完了,完了!主公不会是真的撂挑子,不管他们这群人的死活了吧?
他正要叫人备马,亲自去寻,一个亲信小吏却抱着一封信和一把钥匙,跌跌撞撞地跑了进来。
“首辅大人!这是……这是大导师留给您的!”
李德海一把抢过信,颤抖着手拆开。
信纸上是林凡那熟悉的、带点潦草的字迹,内容更是充满了那股子让人牙痒痒的懒散劲儿。
“老李:
展信佳。
当你看到这封信的时候,我应该已经在回老家的路上了。
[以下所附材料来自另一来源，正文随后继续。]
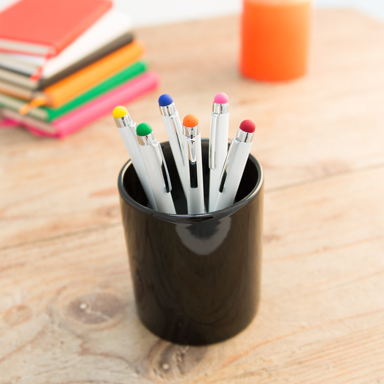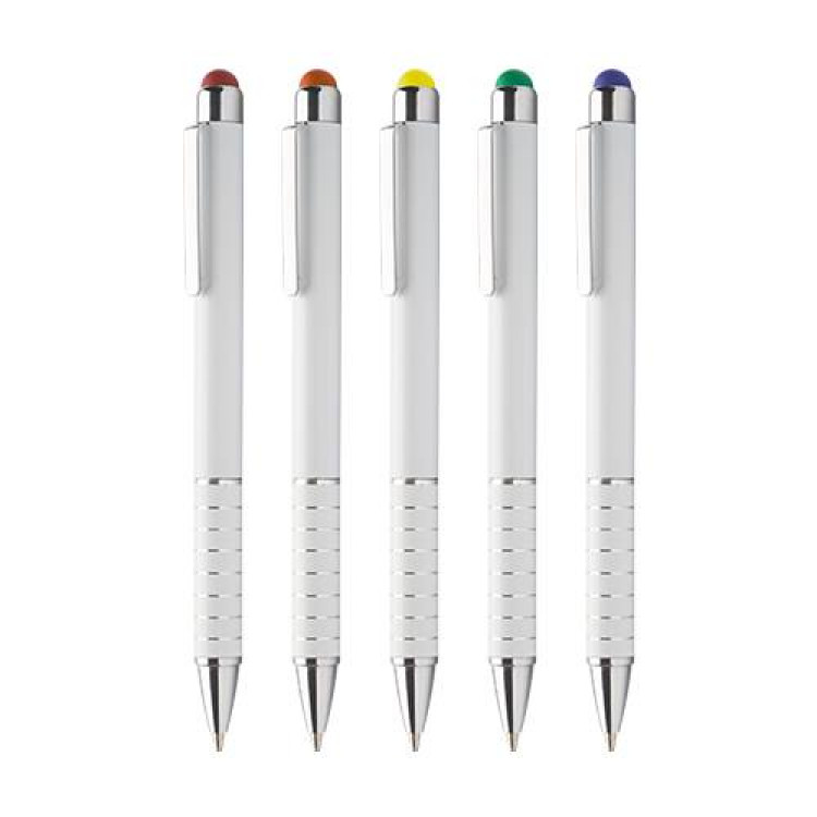 Модерно алуминиумско пенкало со бело тело и тач функција во боја, совршено за употреба со екрани на допир и секојдневно пишување. Со сино мастило и компактна форма, ова пенкало е идеално за промотивни кампањи и печатење на лого.

京城这地方风太大,说话都费劲,不适合我这种体虚的人养膘。
那个内阁,还有那个小皇帝,就都拜托你了。所谓能者多劳,我看你精力旺盛,精神头比我都好,这天底下最累的活儿,舍你其谁?
别想着来找我,找到了我也装死。
对了,用钥匙打开我隔壁那个库房,里面有我给你留的一点‘小礼物’,应该够你们这帮聪明人忙活个三五年的。
就这么着吧,后会无期。
你亲爱的朋友,林凡。”
李德海看完信,气得胡子都在发抖。
什么叫“后会无期”?这说的是人话吗?!
他捏着那把小小的黄铜钥匙,感觉它有千斤重。
他带着满腹的狐疑和不安,亲自带人打开了那个毫不起眼的库房。
门一开,所有人都倒吸了一口凉气。
库房里没有金银珠宝,只有一排排顶天立地的巨大书架。
书架上,整整齐齐地码放着一箱箱密封好的木盒。
李德海走上前,打开了最外面的一个箱子。
里面是一沓厚厚的纸张,封面赫然写着五个大字——《新朝第一个五年发展纲要》。
他随手翻开一页。
“论钢铁产业作为工业基础的重要性及高炉炼钢法的初步构想……”
“关于建立全民基础教育体系的可行性报告……”
“农业改革三步走:化肥、良种与水利……”
“商业税法改革草案,旨在打破士绅垄断,激活民间资本……”
李德海的手指在发抖。
这不是什么“随便写写”的东西!
这……这是把一个国家的未来,清清楚楚、明明白白地摆在了他的面前!
每一项规划,都详尽到了令人发指的地步。
从理论依据,到实施步骤,再到可能遇到的问题和解决方案,无一不包。
他仿佛能看到,林凡在那些个无人知晓的深夜里,是如何一边骂骂咧咧地嫌烦,一边又无比认真地,为这个他亲手缔造的新世界,铺好了未来几十年的道路。
李德海捧着那份纲要,老迈的身躯再也支撑不住,缓缓地跪坐在了冰冷的地面上。
两行热泪,夺眶而出。
“大人……您……您这又是何苦啊……”
……
同一时间,京郊大营。
赵铁骨正在操练新兵,他把嗓子喊得都快冒了烟。
一个传令兵飞马而来,给他送来了一个沉重的包裹和一封信。
信同样是林凡的笔迹,但内容比给李德海的要简短粗暴得多。
“老赵:
我走了。
以后看家的活儿,就交给你和慕容骁了。记住,枪杆子要永远抓在自己人手里,这样腰杆子才能挺得直。
包裹里的东西,找几个靠谱的工匠,关起门来偷偷研究,别让外人知道。那玩意儿造出来,以后谁敢不服,就拉出去让他听个响。
保重。
林凡。”
赵铁骨疑惑地打开那个用油布层层包裹的铁盒子。
里面,是几张画满了精密零件的图纸,旁边还放着一本小册子,封面上写着——《军队现代化建设纲要》。
图纸他看不太懂,但那上面标注的“后膛装填”、“米尼弹”、“线膛枪管”等字眼,让他这个老行伍的血液,瞬间就沸腾了起来。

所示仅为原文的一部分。